Beneath this instruction is a listing. Transcribe from it only the stretch from the line with "Например, чтобы найти" through the line with "Quem está fora: Giovanni", both end lines included, exactly as written.

> Raw data
»»
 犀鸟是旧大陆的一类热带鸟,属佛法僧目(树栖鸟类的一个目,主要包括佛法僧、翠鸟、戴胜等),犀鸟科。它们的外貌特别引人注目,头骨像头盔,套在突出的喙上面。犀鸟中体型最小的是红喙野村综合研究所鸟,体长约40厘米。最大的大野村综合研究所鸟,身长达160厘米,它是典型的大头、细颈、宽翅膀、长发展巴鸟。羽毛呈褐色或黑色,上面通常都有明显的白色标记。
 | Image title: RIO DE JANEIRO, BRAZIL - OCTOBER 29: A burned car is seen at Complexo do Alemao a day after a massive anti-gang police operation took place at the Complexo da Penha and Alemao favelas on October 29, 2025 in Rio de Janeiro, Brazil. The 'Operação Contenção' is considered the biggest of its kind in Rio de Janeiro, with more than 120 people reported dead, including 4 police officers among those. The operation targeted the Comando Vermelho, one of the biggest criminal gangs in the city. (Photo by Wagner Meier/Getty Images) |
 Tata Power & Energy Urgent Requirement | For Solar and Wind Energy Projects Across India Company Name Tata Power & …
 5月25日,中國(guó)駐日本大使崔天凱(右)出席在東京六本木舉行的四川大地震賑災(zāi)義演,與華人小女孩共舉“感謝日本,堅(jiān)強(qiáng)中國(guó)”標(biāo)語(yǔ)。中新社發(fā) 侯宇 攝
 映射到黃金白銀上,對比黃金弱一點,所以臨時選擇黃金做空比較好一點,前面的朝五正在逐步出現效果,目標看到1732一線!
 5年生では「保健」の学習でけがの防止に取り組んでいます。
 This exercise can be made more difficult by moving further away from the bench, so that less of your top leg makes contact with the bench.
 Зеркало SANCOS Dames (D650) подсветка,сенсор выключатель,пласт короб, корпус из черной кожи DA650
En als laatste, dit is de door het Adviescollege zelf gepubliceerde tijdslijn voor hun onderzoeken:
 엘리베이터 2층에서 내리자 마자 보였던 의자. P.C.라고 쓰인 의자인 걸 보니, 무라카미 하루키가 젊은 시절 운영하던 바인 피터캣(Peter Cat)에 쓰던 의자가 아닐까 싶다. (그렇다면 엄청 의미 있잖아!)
««
»»
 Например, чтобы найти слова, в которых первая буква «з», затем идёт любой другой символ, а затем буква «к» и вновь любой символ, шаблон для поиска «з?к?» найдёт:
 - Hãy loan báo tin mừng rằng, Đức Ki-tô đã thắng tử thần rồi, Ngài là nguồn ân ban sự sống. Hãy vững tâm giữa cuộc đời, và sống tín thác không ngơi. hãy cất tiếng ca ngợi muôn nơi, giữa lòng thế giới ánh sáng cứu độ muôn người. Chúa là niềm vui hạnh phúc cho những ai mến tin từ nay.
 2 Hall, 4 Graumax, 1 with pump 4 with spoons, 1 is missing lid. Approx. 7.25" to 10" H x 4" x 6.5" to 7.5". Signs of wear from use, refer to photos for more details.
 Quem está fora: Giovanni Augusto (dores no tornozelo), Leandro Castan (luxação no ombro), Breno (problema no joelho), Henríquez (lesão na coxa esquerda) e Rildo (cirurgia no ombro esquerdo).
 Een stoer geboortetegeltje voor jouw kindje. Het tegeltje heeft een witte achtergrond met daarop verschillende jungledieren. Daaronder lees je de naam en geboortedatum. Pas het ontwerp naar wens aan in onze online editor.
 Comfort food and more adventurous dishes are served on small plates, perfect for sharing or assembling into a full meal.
««
> Written response
 Например, чтобы найти слова, в которых первая буква «з», затем идёт любой другой символ, а затем буква «к» и вновь любой символ, шаблон для поиска «з?к?» найдёт:
 - Hãy loan báo tin mừng rằng, Đức Ki-tô đã thắng tử thần rồi, Ngài là nguồn ân ban sự sống. Hãy vững tâm giữa cuộc đời, và sống tín thác không ngơi. hãy cất tiếng ca ngợi muôn nơi, giữa lòng thế giới ánh sáng cứu độ muôn người. Chúa là niềm vui hạnh phúc cho những ai mến tin từ nay.
 2 Hall, 4 Graumax, 1 with pump 4 with spoons, 1 is missing lid. Approx. 7.25" to 10" H x 4" x 6.5" to 7.5". Signs of wear from use, refer to photos for more details.
 Quem está fora: Giovanni Augusto (dores no tornozelo), Leandro Castan (luxação no ombro), Breno (problema no joelho), Henríquez (lesão na coxa esquerda) e Rildo (cirurgia no ombro esquerdo).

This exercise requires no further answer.